Question: Can FPKM or TPM values be used as RUVs input ?
6 months ago
I am trying to normalize my RNA-seq expression using spike-ins by RUVSeq package. However, I noticed that the input for RUVseq is count-based expression. My expression matrix is based on RPKM or TPM from STAR-RSEM pipeline. So I want to ask could RUVSeq also work for RPKM or TPM values? Do I must calculate count values instead?



4 months ago
davide risso
Weill Cornell Medicine
Hi Wei,

RUVSeq is designed to work with gene-level counts. If you are working with TPM or FPKM quantities, you may want to use the ruv package on CRAN or the RUVnormalize package in Bioconductor, depending if you have a supervised or unsupervised problem.
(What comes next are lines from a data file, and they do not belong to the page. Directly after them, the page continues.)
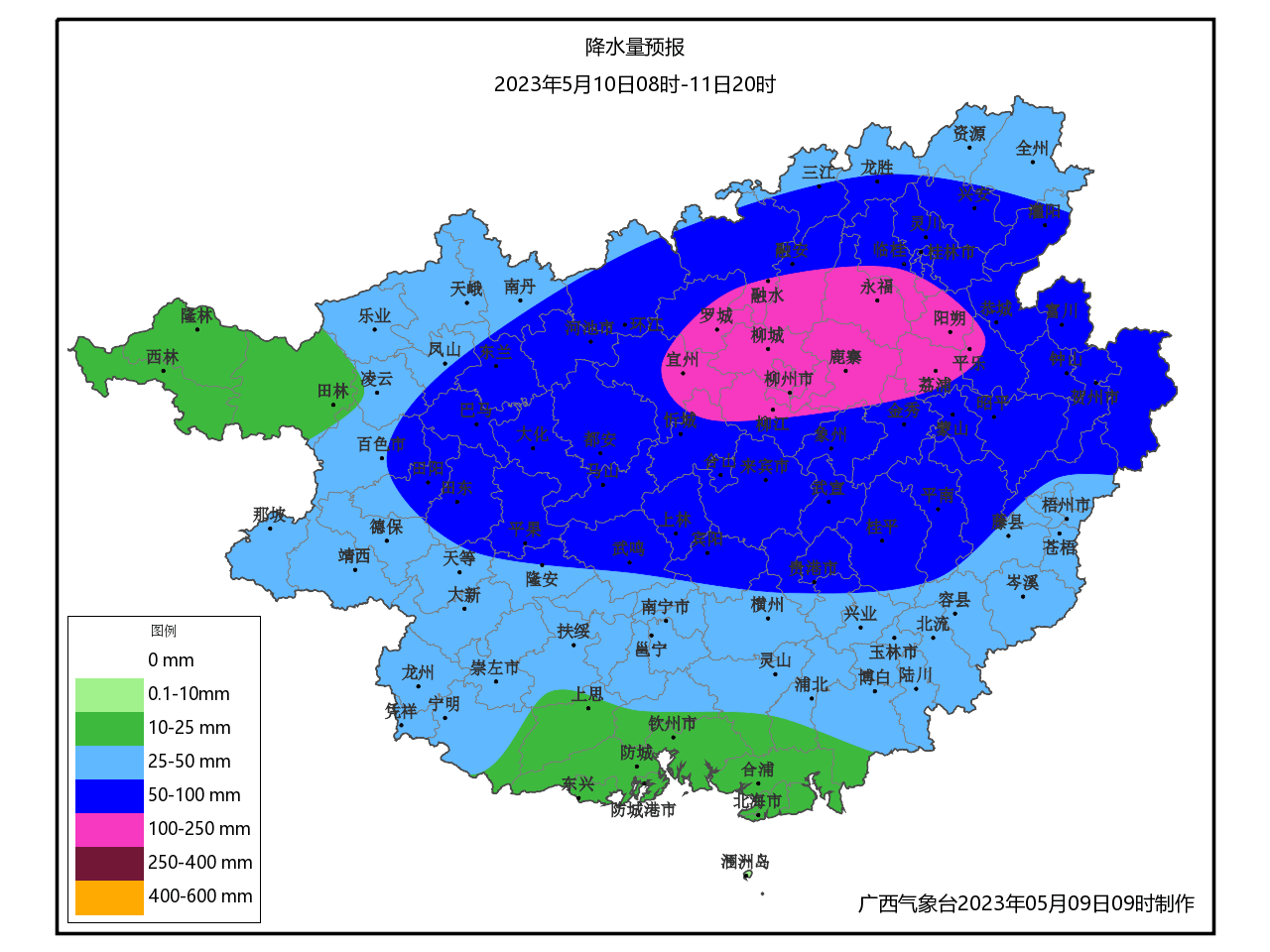 据气象部门预测,广西桂北、桂东及沿海地区本轮降雨过程将达50至150毫米、局地200毫米以上,最大小时雨强为40至60毫米。广西气象台于5月10日12时发布暴雨蓝色预警。
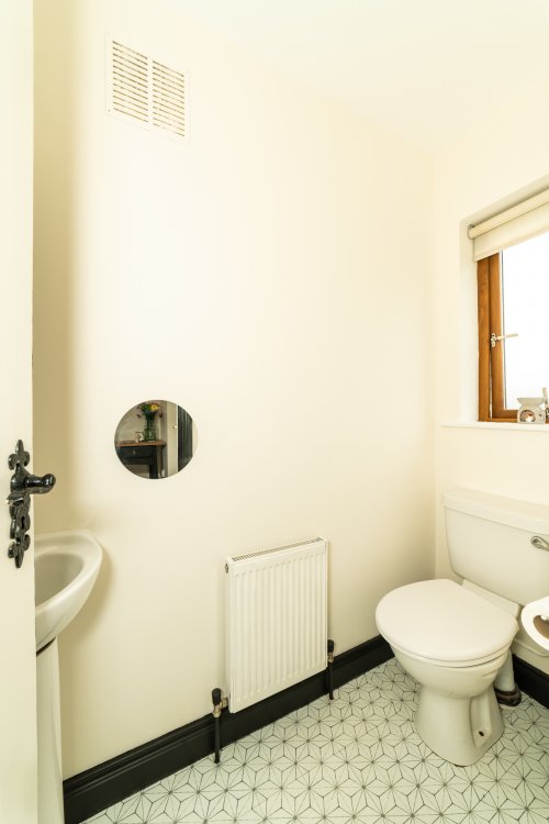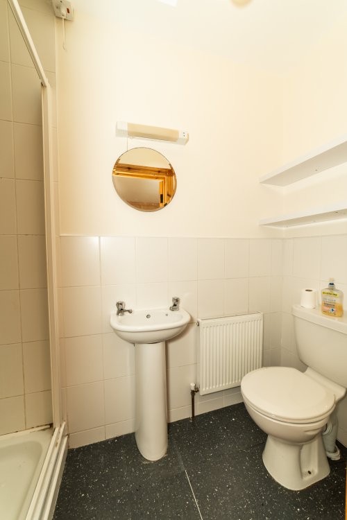 Downstairs bathroom Tiled flooring and shower enclosure, pump shower, WHB and toilet
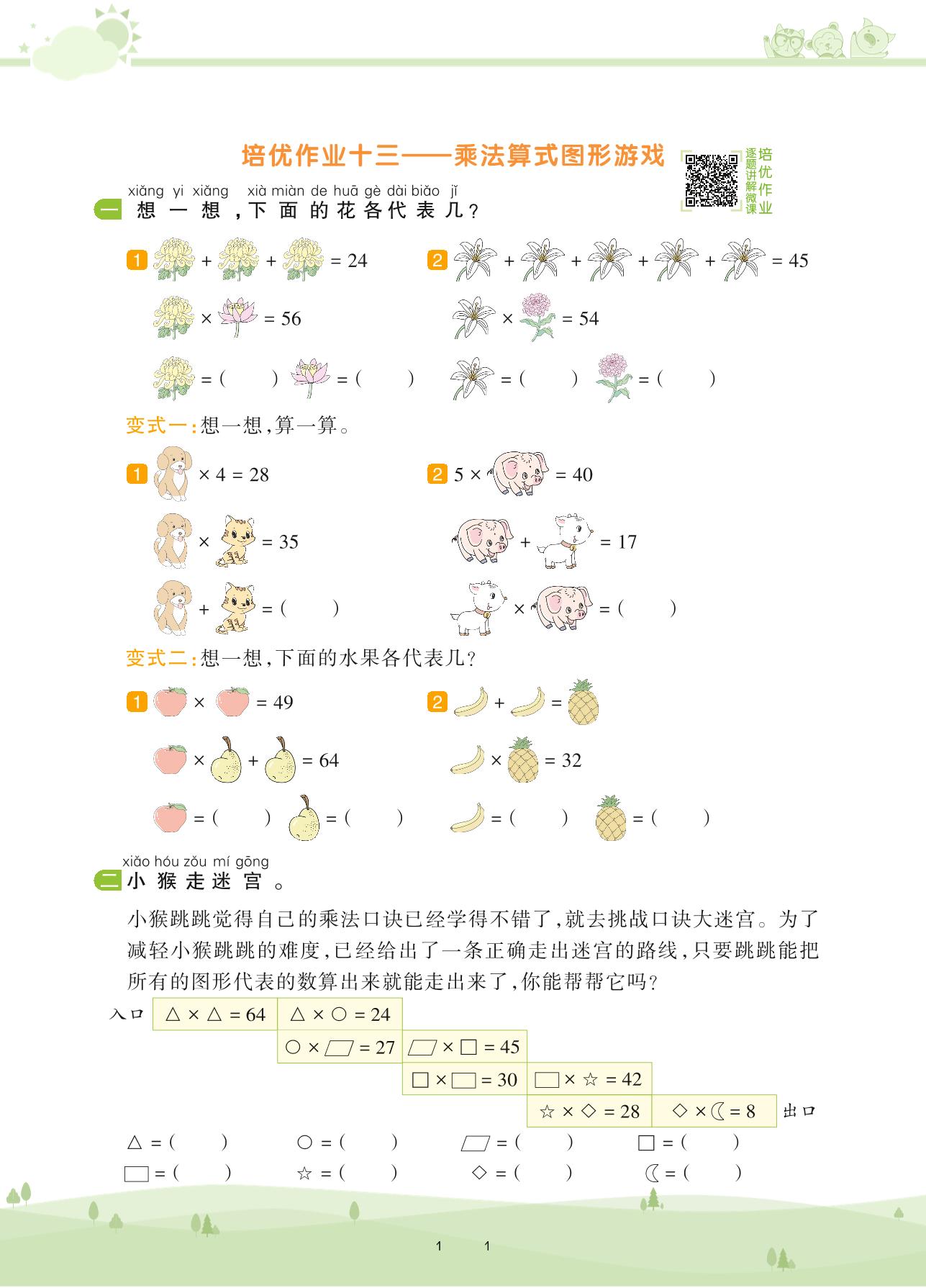 2020上册二年级数学人教版 第六单元 表内乘法(二)——培优作业十三 乘法算式图形游戏
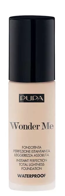 Podkład do twarzy Pupa Wonder Me pięknie ujednolica koloryt skóry. Wodoodporna formuła zapewnia długotrwały efekt. Podkład Pupa ma lekką, płynną formułę, co ułatwia aplikację produktu. Kosmetyk daje efekt pięknie wygładzonej, naturalnie wyglądającej cery. Lekka formuła sprawia, że preparat można stosować do cery wrażliwej, a także suchej i tłustej. To naprawdę kosmetyk do zadań specjalnych, odpowiedni na każdą porę roku. W składzie nie ma alkoholu, olejów, parabenów. Produkt testowany klinicznie i dermatologicznie.
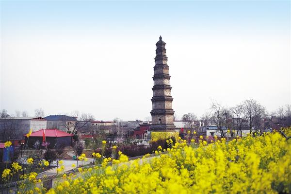 壽圣寺塔 位于商水縣郝崗鄉(xiāng)北常社店村,始建于北宋明道二年(1033年),明嘉靖二十八年進行過大修。1998年9月,壽圣寺塔又進行了一次大修。壽圣寺塔為九級樓閣式磚塔,高41.5米,平面呈正六邊形,塔內(nèi)砌有盤旋的塔道,可逐級登高遠眺。塔體從底至頂漸收勻稱,成正六棱體錐形,塔頂形似寶葫蘆,給人以挺拔雋秀之感。塔的層檐收放尺寸自然得體,既保護了塔墻免遭雨雪侵蝕,又給予塔體以美的裝飾,看上去既規(guī)整肅穆,又不呆板。
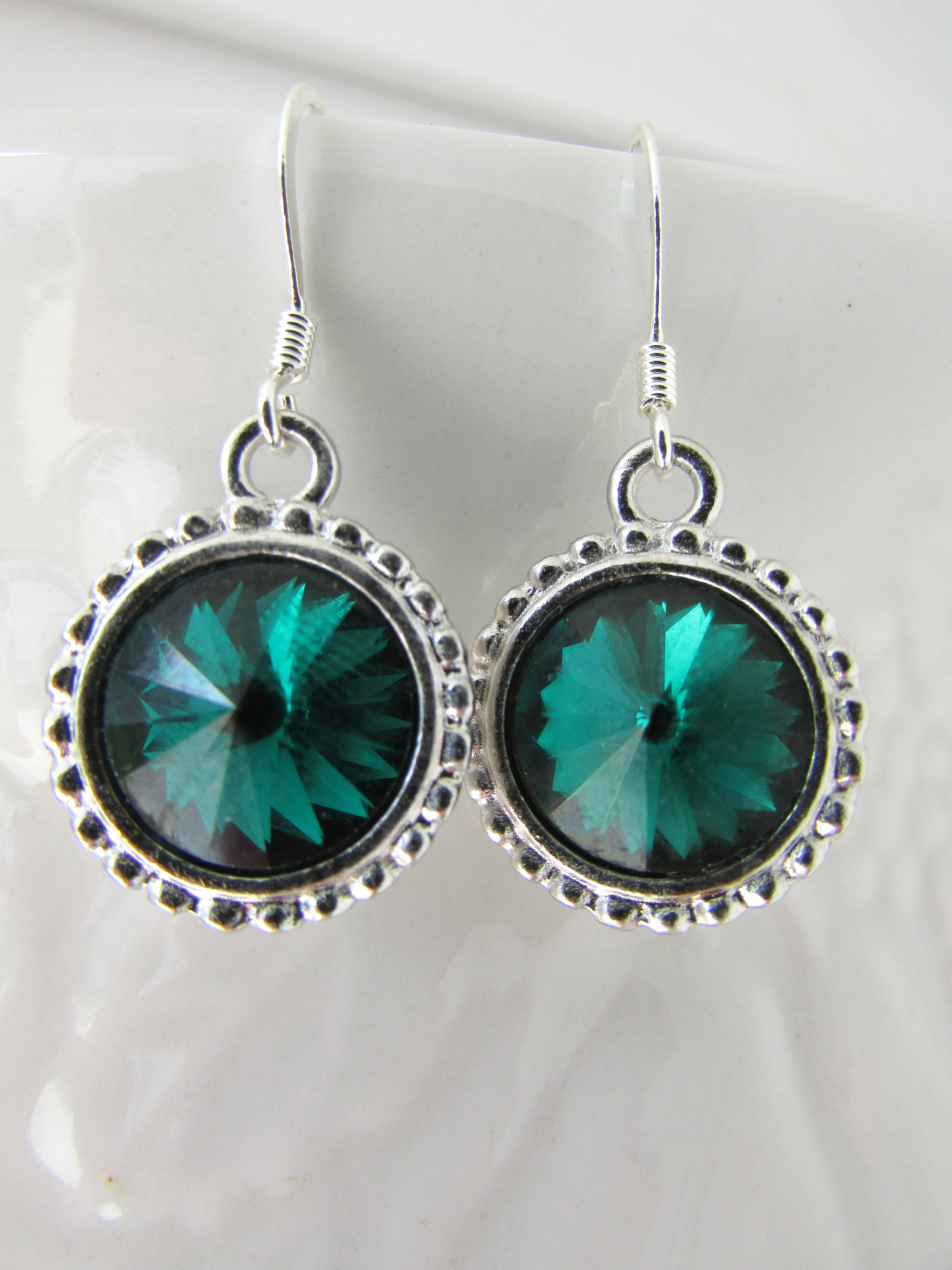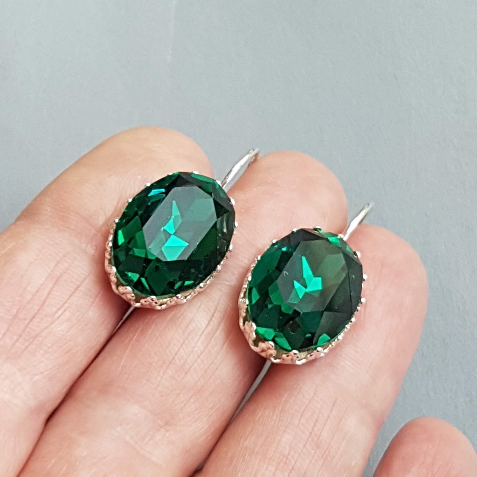 Pendientes verde esmeralda plata Swarovski pendientes verde Etsy
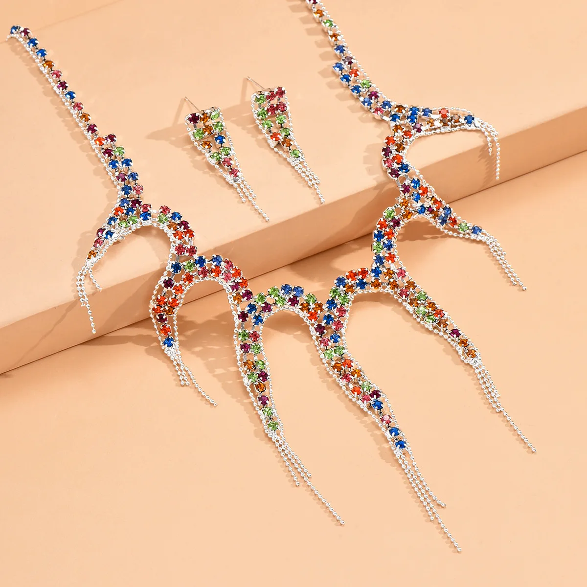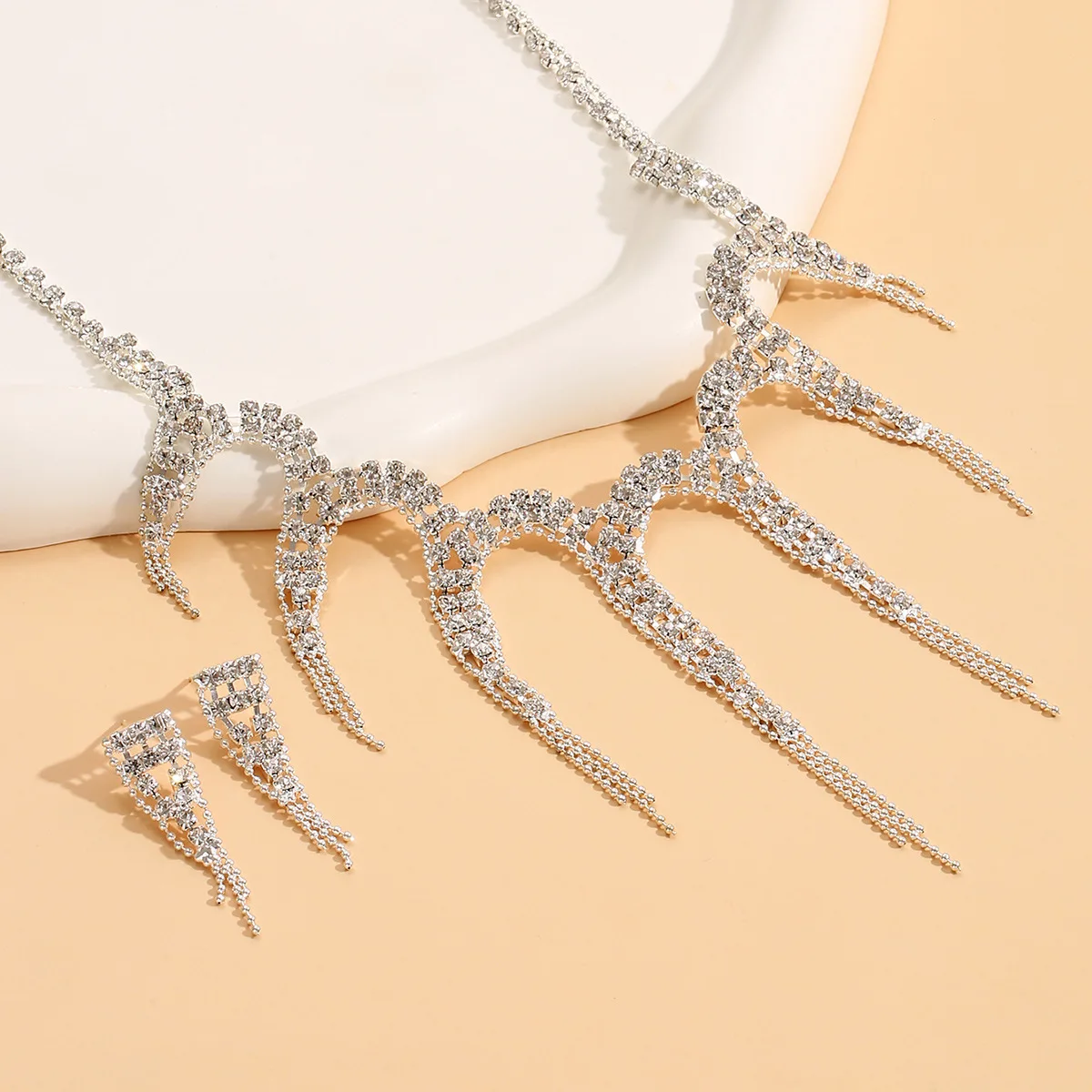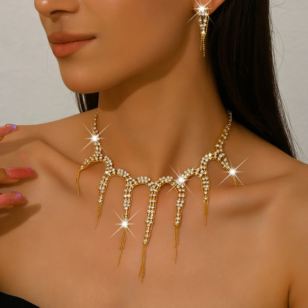 Ligte Luukse Kristal Juweliersware Stel vir Dames Banket Trendy Geometrie Halssnoer Oorbelle Stelle Geskenke Trou Herdenking Bykomstighede

Although these packages were designed for microarray data, you can try to use as input the log of FPKM / TPM, essentially assuming a linear model for these data.

An alternative would be to compute the expected counts from RSEM (perhaps rounding them to nearest integer) and assume that you're dealing with actual counts, using the regular RUVSeq pipeline.

Note that both approaches are non-standard uses of the packages, hence it is extra important for you to check the assumptions of the model (i.e., linear models for ruv / RUVnormalize and log-linear model for RUVSeq).